Zico Zico - 1 month ago 8
R Question

Moving average of past 5-minutes data against each tick

This is my Data

times value size return
2016-06-01 9:07:11 14.2 595 0
2016-06-01 9:08:11 14.2 2505 0.003527341
2016-06-01 9:11:03 14.15 1 0
2016-06-01 9:13:03 14.15 2200 0.003527341
2016-06-01 9:15:04 14.2 480 0
2016-06-01 9:15:04 14.2 2965 0.003527341
2016-06-01 9:15:05 14.2 144 0
2016-06-01 9:20:05 14.2 1856 0.003514942
2016-06-01 9:22:06 14.25 300 0
2016-06-01 9:25:06 14.25 856 0.003514942


I want to create another column
"5min_Ret"
for each tick, whose value should be
last 5 mins average of return
. Below is the desired output with logic of calculation mentioned at the end of each row. Logic Column is just to explain here. It will be not added in final output.

times value size return 5min_Ret Logic
2016-06-01 9:07:11 14.2 595 0 0 First Tick 0
2016-06-01 9:08:11 14.2 2505 0.003527341 0.001763671 Avg of 1 to 2
2016-06-01 9:11:03 14.15 1 0 0.00117578 Avg of 1 to 3
2016-06-01 9:13:03 14.15 2200 0.003527341 0.002351561 Avg of 2 to 4
2016-06-01 9:15:04 14.2 480 0 0.00117578 Avg of 3 to 5
2016-06-01 9:15:04 14.2 2965 0.003527341 0.001763671 Avg of 3 to 6
2016-06-01 9:15:05 14.2 144 0 0.001410936 Avg of 3 to 7
2016-06-01 9:20:05 14.2 1856 0.003514942 0.001757471 Avg of 7 to 8
2016-06-01 9:22:06 14.25 300 0 0.001757471 Avg of 8 to 9
2016-06-01 9:25:06 14.25 856 0.003514942 0.001757471 Avg of 9 to 10


I assume
dplyr
package will be useful for group by. But for each tick I am not able to be successful to get group by data by interval 5 mins. Any suggestion/help in R is appreciated.

Thanks.

Answer

You can achieve this with sapply. Let's say your object is called df:

df$'5min_ret' <- sapply( X = seq_along( df$return ), 
                        FUN = function(x) { 
                            mean( df$return[ df$times >= df$times[x] - 5*60 & 
                                                   df$times <= df$times[x] ] ) 
                        } )

Note the seq_along call is simply creating a vector sequence the same length as the number of rows in your data frame (in your case, 10).
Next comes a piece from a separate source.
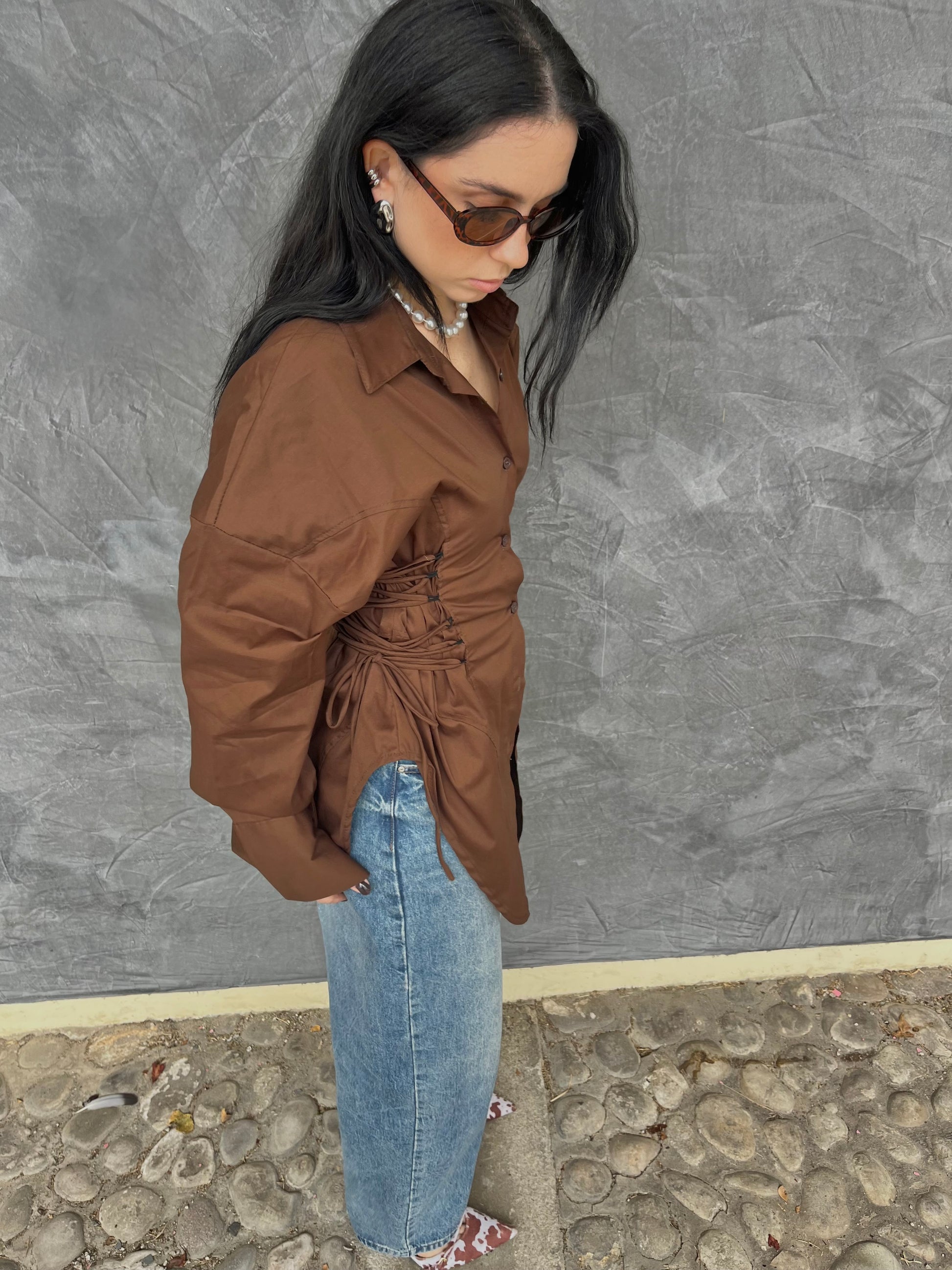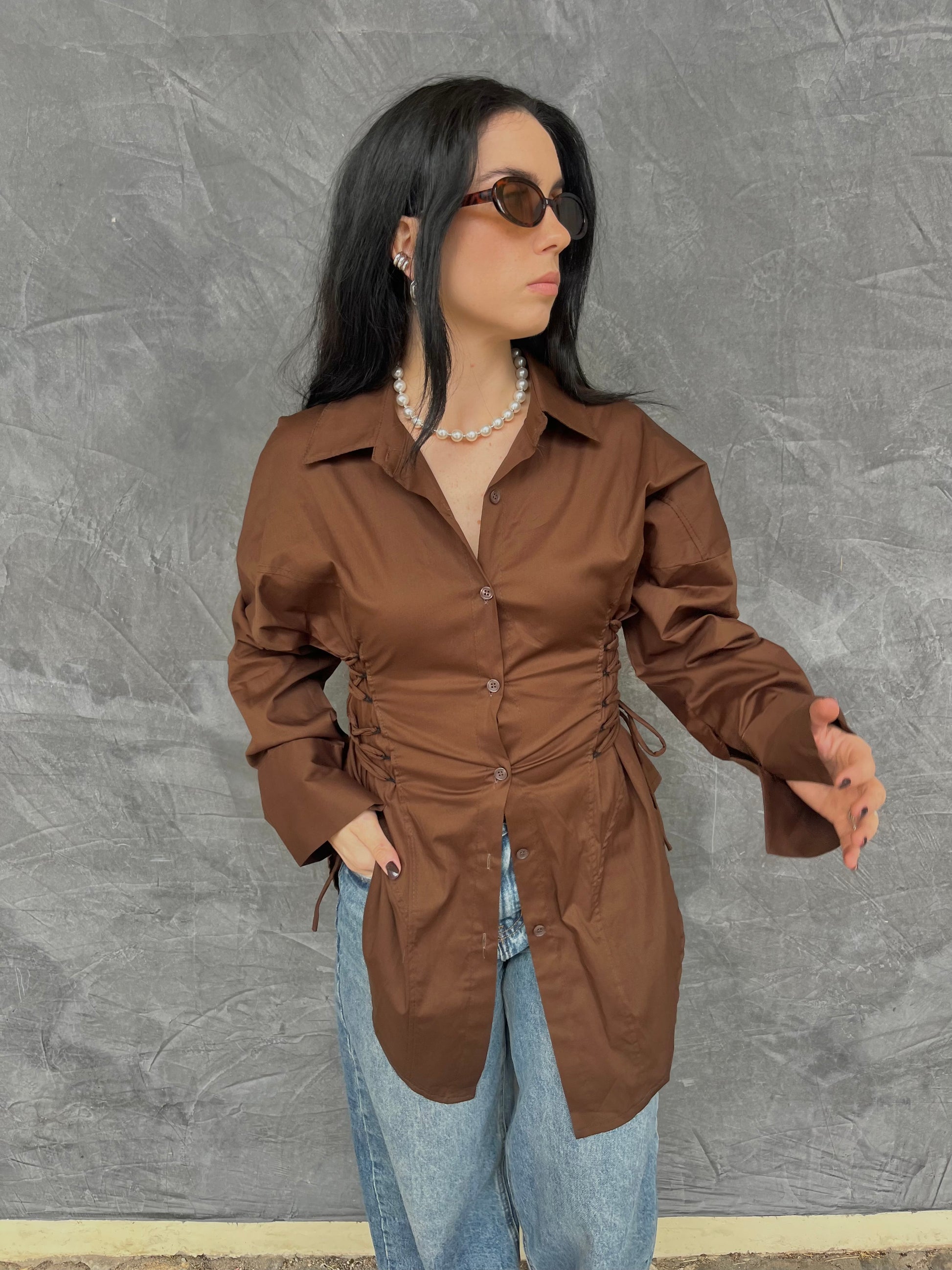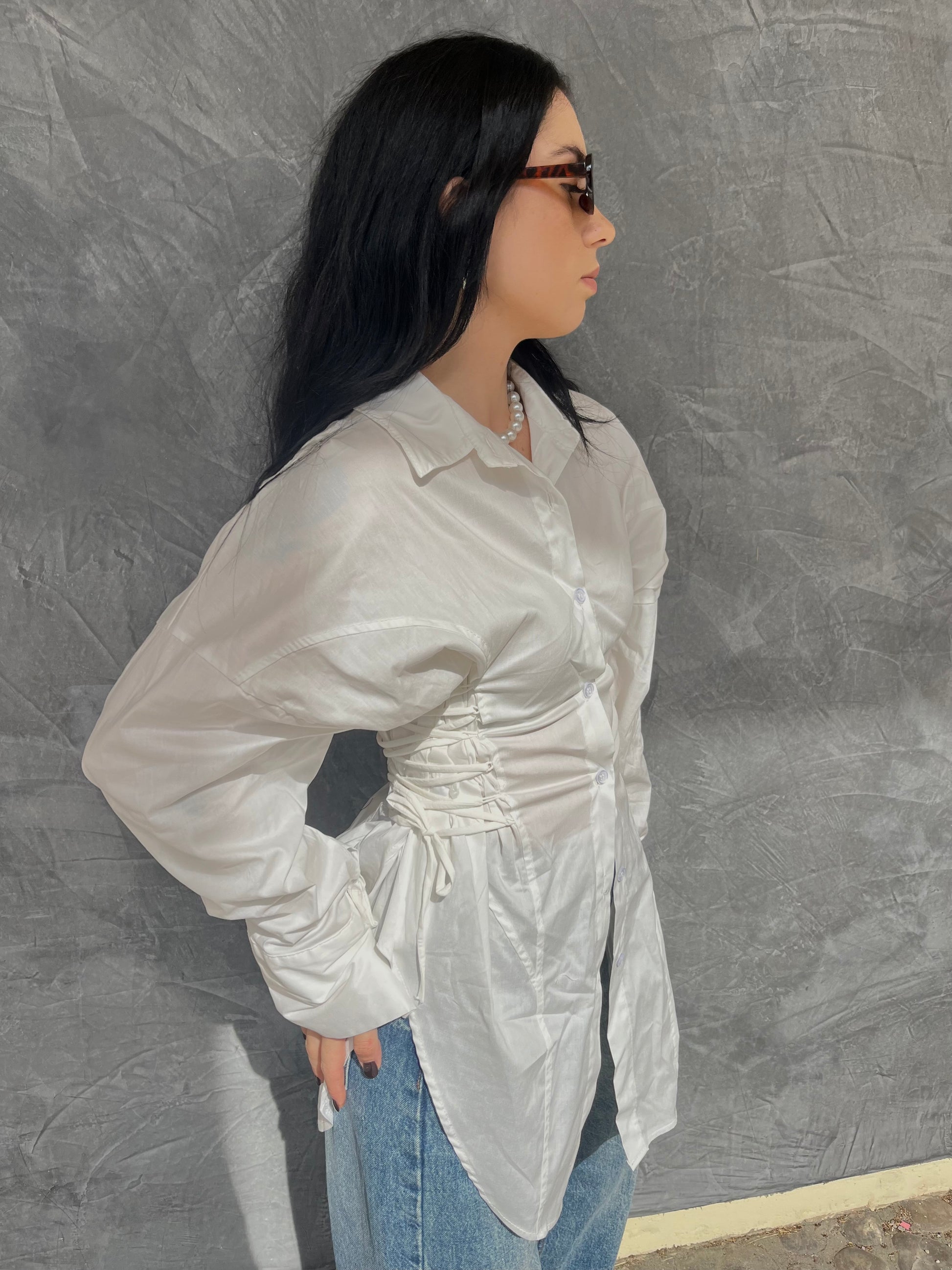 Camicia tg unica, zona della vita presenta un corsetto integrato con lacci laterali regolabili

The function defined after FUN is what's important. That function takes a subset of the dataframe where the time is within the last 5 mins (greater than 5mins ago, and less than now), and takes the mean of the return column that's left. sapply simply runs that function for every value of X (that's our 1:10 sequence).

NOTE however that calling your column 5min_ret is generally not a great idea, since R doesn't particularly like names of that form. I've surrounded it in quotations on creation to get around that, but I'd recommend thinking of a different name.